This is completely off topic though, so not a valid point for this thread. Okay, stepping back out.
LOL. You will be back! :sneaky:
Fitz1980
09-24-2009, 01:59 AM
There's also Article one, secton 8, clause 18:
http://en.wikipedia.org/wiki/Necessary_and_Proper_Clause
"The Congress shall have Power - To make all Laws which shall be necessary and proper for carrying into Execution the foregoing Powers, and all other Powers vested by this Constitution in the Government of the United States, or in any Department or Officer thereof."
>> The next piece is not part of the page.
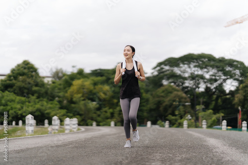 Road to Wellness: Young Asian woman enjoys a refreshing run in the park, embracing a healthy lifestyle amidst nature's embrace.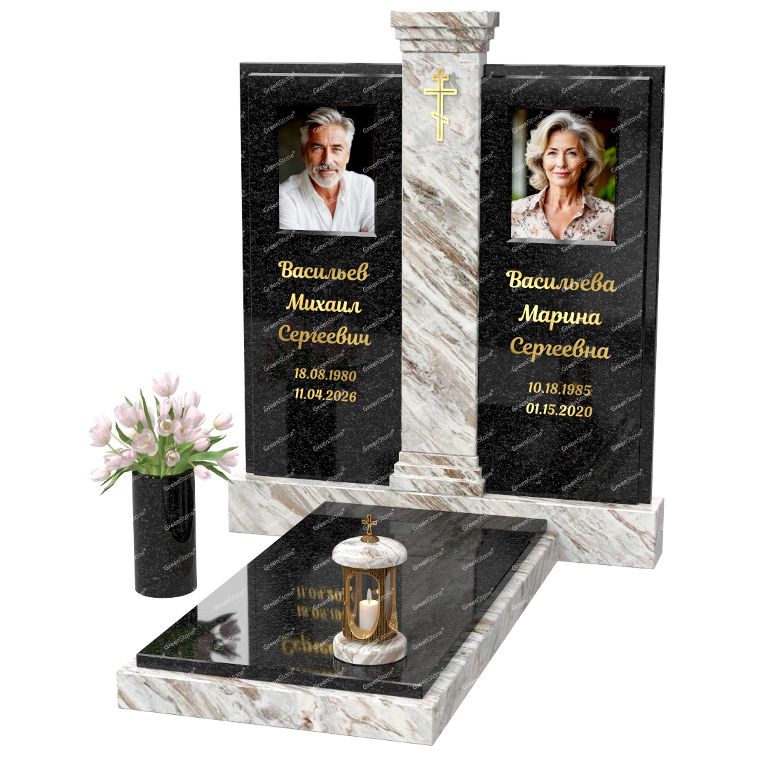 Визуально комплекс отличается от типовой формы не только формой, но и размерами. Массивная стела позволяет дизайнеру реализовать практически любые задумки и пожелания Заказчика, придать готовому изделию солидный вид, раскрыть все достоинства использованного в его изготовлении гранита. Такой габаритный памятник требует профессиональной доставки и установки. Все это также можно заказать в мастерской Грин-Стоун.

It's actually one of the more controversial clauses in the constitution. It's often paired with the interstate commerce clause to stretch the power of the Federal Government into areas where it previously didn't have a presence. In fact many scholars have called it the "elastic clause" for that very reason. It has been used to justify federal prohibition, previously of alcohol these days on narcotics and marijuana. It was used to justify the Federal Government getting involved in things like civil rights, with "states' rights" often being the rallying cry of racists who opposed The Civil Rights Act. Ironically many of those same people now want a Federal ban on gay marriage now that individual states have begun legalizing it.
As previously pointed out a lot has changed since the 1770s. The Constitution grants the government the power to "raise an Army and maintain a Navy" during time of war. Nothing about holding a large peacetime Army; in fact the Deceleration of Independence even lists the keeping of a large peacetime Army as one of the grievances against the King of England. Of course that was when most of the soldiers needed only learn basic rifle drills and it took months for people to reach the battlefields. These days governments can be toppled within a week and you don't want to be sending out the draft notices in the time it takes for the fighting to be over and the other guy to have already achieved his objective.
My only real point in this is that things change in 200+ years and interpretations of the Constitution also change through a thing called Case Law, which is how previous judges and appeals court rule in cases where there's a question of Constitutionality. Some said that the national interstate highway system was unconstitutional; I'd imagine that ki4kxq is not one of them, being a trucker and all.
jagers
09-24-2009, 06:05 AM
I say the biggest problem with health care is the costs. In our state we many who CHOOSE not to have health care or go to FREE clinics for health issues when the problem is easily treatable. Instead they wait until the problem is a major full blown problem and go to the emergency room because it is FREE and will NOT be refused treatment for any reason illegal entry, criminal activity, already covered by insurance but don't pay, etc. (State Law).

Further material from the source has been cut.